ClickHouse/ClickHouse

Kafka engine — zombie consumer-group sessions after ClickHouse restart block partition assignment

Open

#104,305 建立於 2026年5月7日

在 GitHub 查看
 (0 留言) (0 反應) (0 負責人)C++ (47,419 star) (8,400 fork)batch import
help wantednot plannedpotential bug

描述

Describe the situation

After ClickHouse restarts with Kafka engine tables, the Kafka consumer group is left in a broken state: old consumer sessions are never formally closed, turning them into zombie members that block partition assignment for the newly started consumers.

This was found via the test, which restarts ClickHouse multiple times while a Kafka-to-MergeTree materialized-view pipeline is running and expects all 240 000 messages to be present in the target table within 120 s. The test fails with count: 0 and unique: 0 on every retry — even after 7 restart cycles (≈ 145 s total) — because no messages are ever consumed after any restart.

This issue:

  • Causes the Kafka consumer to return NO_ASSIGNMENT after restart, resulting in zero rows consumed
  • Accumulates one new zombie session per restart cycle, making recovery progressively slower
  • Affects any scenario where ClickHouse is restarted with live Kafka-engine tables (e.g., rolling upgrades, crash recovery)

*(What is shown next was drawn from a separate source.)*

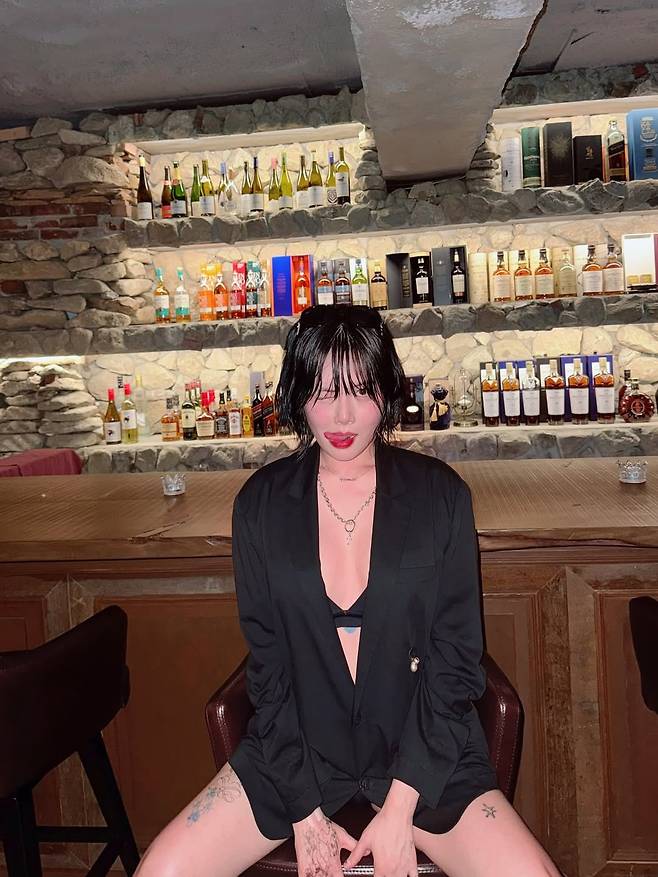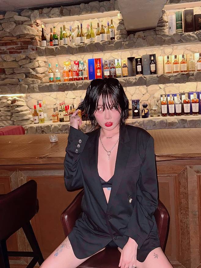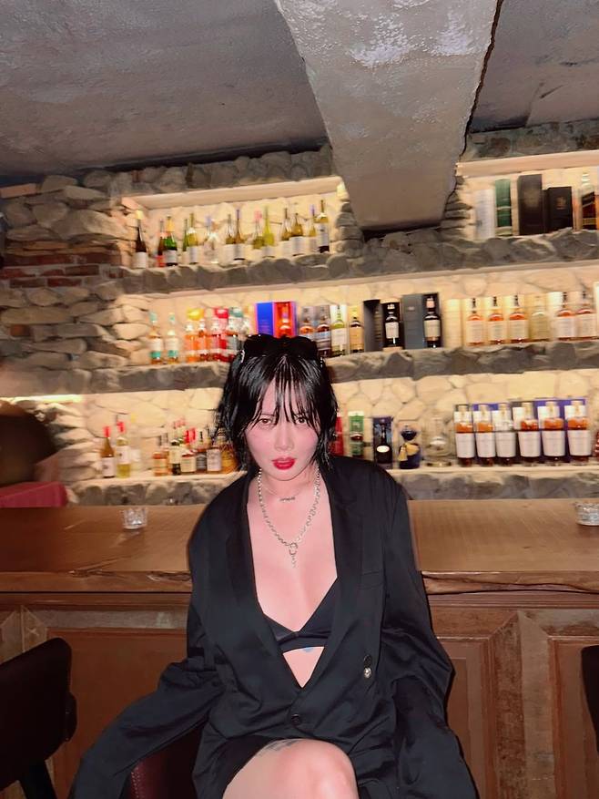 공개된 사진 속 현아의 모습은 '파격' 그 자체다. 블랙 오버사이즈 재킷을 마치 원피스처럼 걸쳤는데, 그 안에는 브라톱을 과감하게 노출해 아찔함을 더했다.

How to reproduce the behavior

Environment

  • Version: >=26.4
  • Kafka: confluentinc/cp-kafka:5.2.0 (Apache Kafka 2.2.x)

Steps

  1. Start ClickHouse and produce 240 000 messages to a Kafka topic with 12 partitions:
DROP TABLE IF EXISTS source_table SYNC;
CREATE TABLE source_table ENGINE = Log AS SELECT toUInt32(number) AS id FROM numbers(240000);
clickhouse client --query='SELECT * FROM source_table FORMAT JSONEachRow' \
  | kafka-console-producer --broker-list kafka1:9092 --topic dummytopic
  1. Create the Kafka pipeline:
CREATE TABLE dummy_queue (id UInt32)
ENGINE = Kafka('kafka1:9092,kafka2:9092,kafka3:9092', 'dummytopic', 'dummytopic_consumer_group2', 'JSONEachRow');

CREATE TABLE dummy (host String, id UInt32) ENGINE = MergeTree ORDER BY id;

CREATE MATERIALIZED VIEW dummy_mv TO dummy
AS SELECT hostName() AS host, id FROM dummy_queue;
  1. Kill ClickHouse immediately after table creation and restart it:
kill -TERM $(cat /tmp/clickhouse-server.pid)
# wait for process to die
clickhouse server --config-file=/etc/clickhouse-server/config.xml --pidfile=/tmp/clickhouse-server.pid --daemon
  1. Wait 15 s, then check:
SELECT count(), uniqExact(id) FROM dummy FORMAT TabSeparated;
  1. Repeat steps 3–4 several times.

Expected behavior

After restarting ClickHouse, the Kafka consumer should rejoin the group and resume consuming messages from the committed (or earliest) offset. Within 15–30 s of the restart, SELECT count() FROM dummy should return progress towards 240 000.


Actual behavior

SELECT count(), uniqExact(id) FROM dummy returns 0\t0 after every restart. The consumer group cannot be deleted at the end of the test because it still shows active members.


Root cause analysis

Why this showed up in 2026 (root PR)

The regression is triggered by ClickHouse PR #100388Fix DROP TABLE hang on Kafka tables after consumer heartbeat error — merged 2026-03-24 (merge commit d3fa644b68e on upstream master). It closes #100511.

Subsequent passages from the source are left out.